Caetano sorri e abre a boca para falar algo, mas somos interrompidos por Ana, a enfermeiro de Júlia.
— Mel, posso falar com você por um minuto?
— Claro.
Sigo-a até um lugar mais reservado, preocupada com o que ela gostaria de falar comigo.
— Você sabe que o único tratamento de Juju é o transplante de medula.
— Sim.
— Achamos um doador.
— O quê? — meus olhos se enchem de lágrimas.
Ana pega na minha mão.
— Júlia será curada, Mel.
Em um impulso abraço a enfermeira.
— Muito obrigada.
Ajoelho-me no chão, emocionada.
— Mel? Está tudo bem? — Caetano aparece do nada, provavelmente Ana o chamou.

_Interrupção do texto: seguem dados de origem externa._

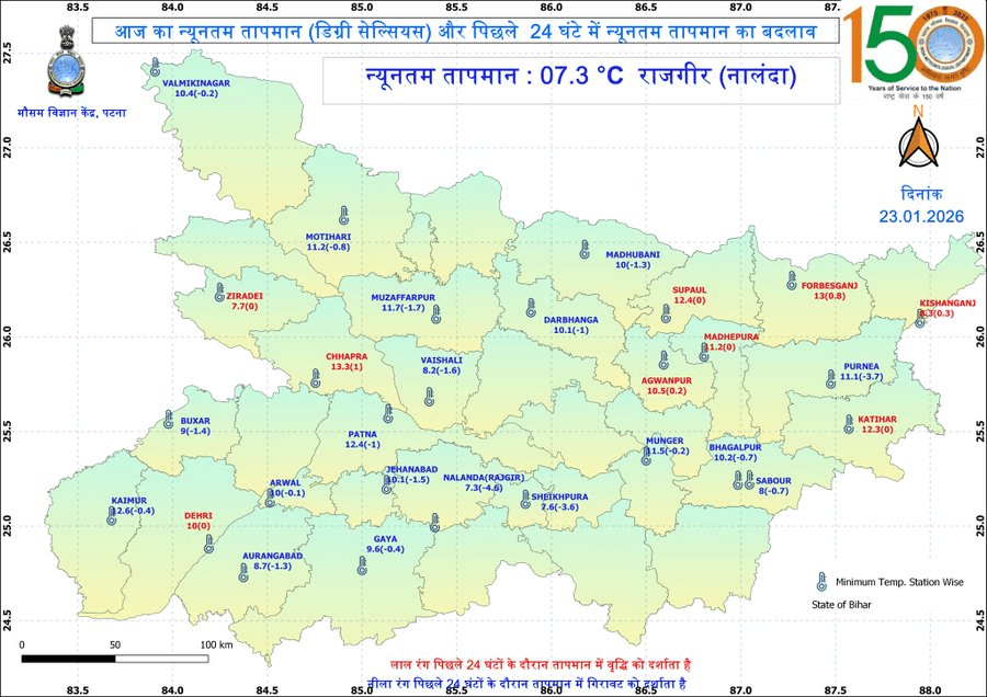 राजगीर में न्यूनतम तापमान लगभग 7.3 डिग्री सेल्सियस दर्ज किया गया है. यह राज्य में सबसे कम रहा. मौसम विज्ञान केंद्र पटना के अनुसार अगले दो दिनों में दिन और रात के तापमान में किसी बड़े बदलाव की संभावना नहीं है.
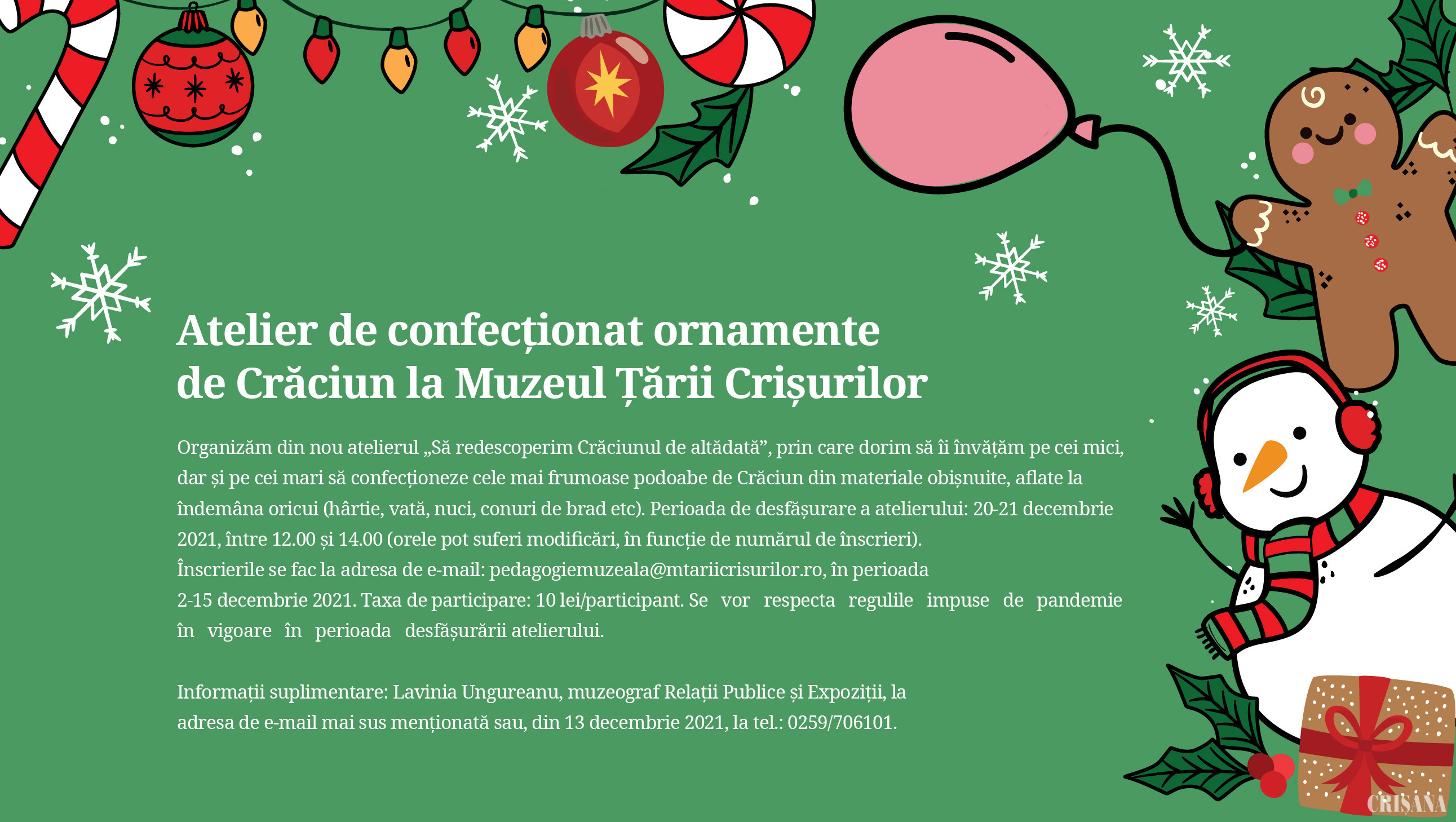 „Prin organizarea acestui atelier dorim să îi învățăm pe cei mici, dar și pe cei mari să confecționeze cele mai frumoase podoabe de Crăciun din materiale obișnuite, aflate la îndemâna oricui (hârtie, vată, nuci, conuri de brad etc.)”, au transmis reprezentanţii Muzeului. Perioada de desfășurare a atelierului este: 20-21 decembrie 2021, între 12.00 și 14.00. Orele pot suferi modificări, în funcție de numărul de înscrieri.

— Júlia achou um doador! — exclamo entre lágrimas.
Ele se agacha e me abraça, também emocionado.
— É um verdadeiro milagre de carnaval!
— É um verdadeiro milagre de carnaval. — confirmo, o abraçando ainda.
E foi assim, que a vida colocou Caetano na meu destino, bem naquele carnaval. Um dia que seria sem esperança de um dia melhor para minha irmã e se tornou o dia mais importante de minha vida.